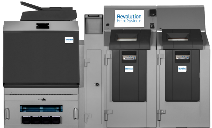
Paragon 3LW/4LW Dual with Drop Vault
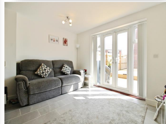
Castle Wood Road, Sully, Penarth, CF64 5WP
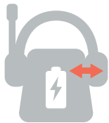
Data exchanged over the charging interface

--*--

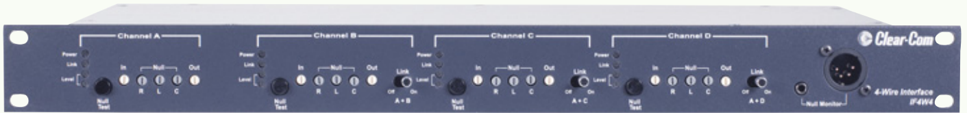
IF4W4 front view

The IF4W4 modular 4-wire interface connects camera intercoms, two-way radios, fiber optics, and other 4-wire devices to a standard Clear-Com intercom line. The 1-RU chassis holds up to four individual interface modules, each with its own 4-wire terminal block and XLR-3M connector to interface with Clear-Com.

--*--

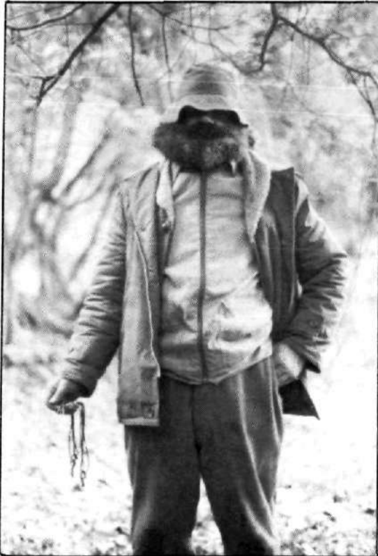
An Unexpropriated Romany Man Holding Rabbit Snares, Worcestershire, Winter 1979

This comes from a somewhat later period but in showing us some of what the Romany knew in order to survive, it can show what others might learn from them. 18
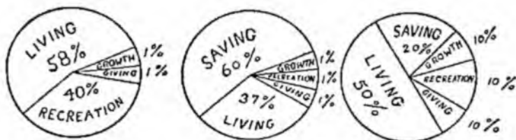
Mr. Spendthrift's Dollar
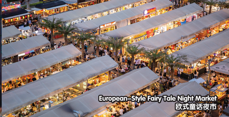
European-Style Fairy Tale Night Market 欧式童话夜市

--*--

→ **What to do**
Going through the data above, return each line with the word "Romany".

→ **Response**
An Unexpropriated Romany Man Holding Rabbit Snares, Worcestershire, Winter 1979
This comes from a somewhat later period but in showing us some of what the Romany knew in order to survive, it can show what others might learn from them. 18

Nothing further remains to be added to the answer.